Gogol was unable to realize his own plan. Gogol was able to complete only the first part. In 1840, the author wrote several versions of the second volume. For unknown reasons, the author himself destroyed the second part of the book. The poem has only draft manuscripts of the second part.

The writer in his creations highlights the soullessness and ruthlessness of the characters. Sobakevich was very soulless, like Koschei the immortal. Apart from him, all the city officials depicted in the book had no souls. At the beginning of the book, the active and interesting existence of the inhabitants of the city is described. In the book, a dead soul is a simple phenomenon.
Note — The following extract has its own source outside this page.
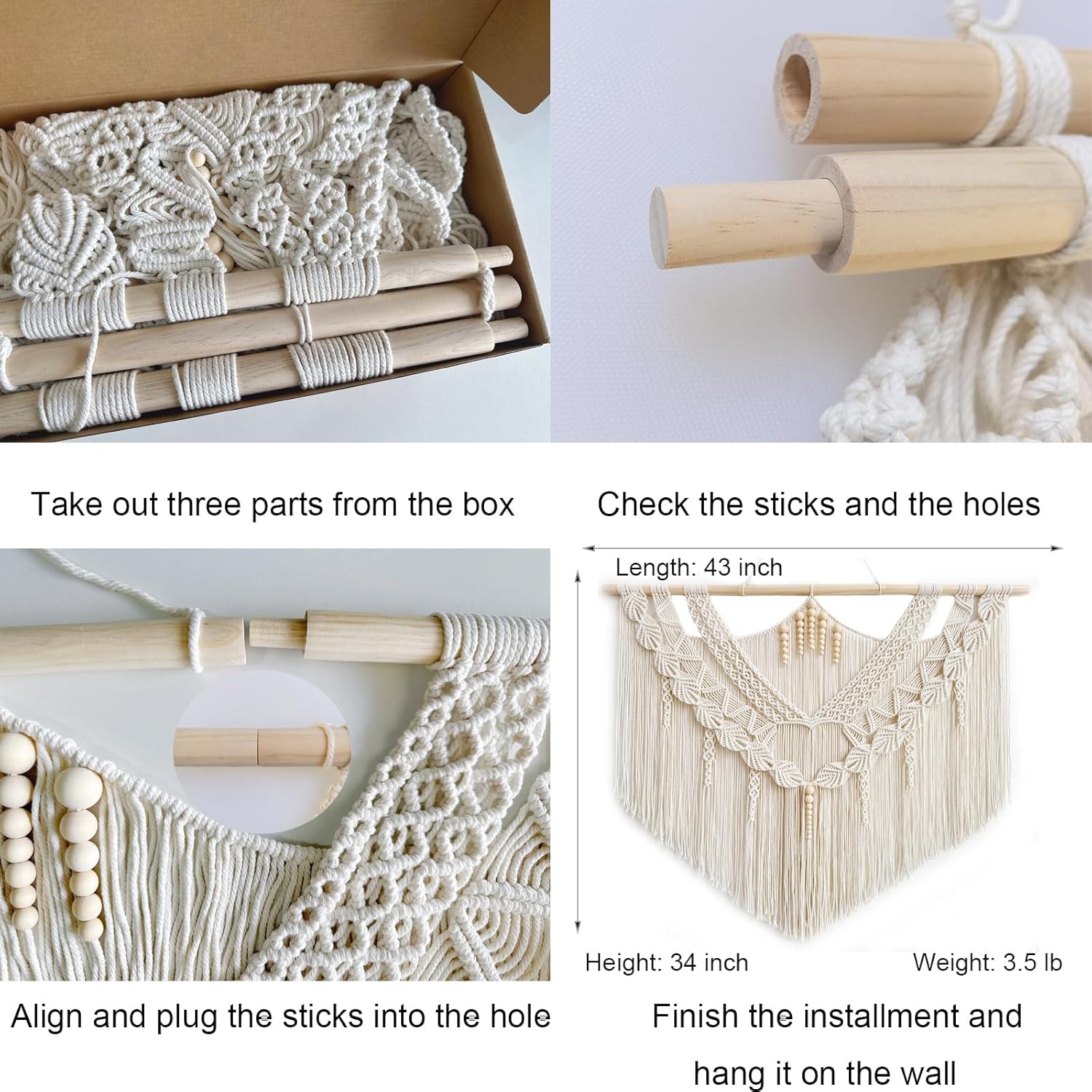 • Easy to Install: The package comes with 3 separate parts of short macrame wall hangings which could be easily connected together with the screws inserted in the wood rod.

For the characters, the human soul is considered the hallmark of a living person.

The title of the work is closely connected with the symbolism of the county town N. And the city K depicted the whole country. The author wanted to show that in Russia there was a decline and that the souls of the inhabitants were extinguished. Gogol showed all the meanness of the existence of a fallen town. In one of his speeches, reading the names of the dead, Chichikov revives them in his own fantasy. In the poem, Plyushkin and Chichikov are living souls. The image of Plyushkin differs from other heroes. In chapter 6, the author gave a complete description of Plyushkin's garden. The garden is a comparison of Plyushkin's soul.

The world described in Dead Souls is considered the exact opposite of the real world. The social direction of creation is connected with the "dead souls". Chichikov's idea is impossible and at the same time simple.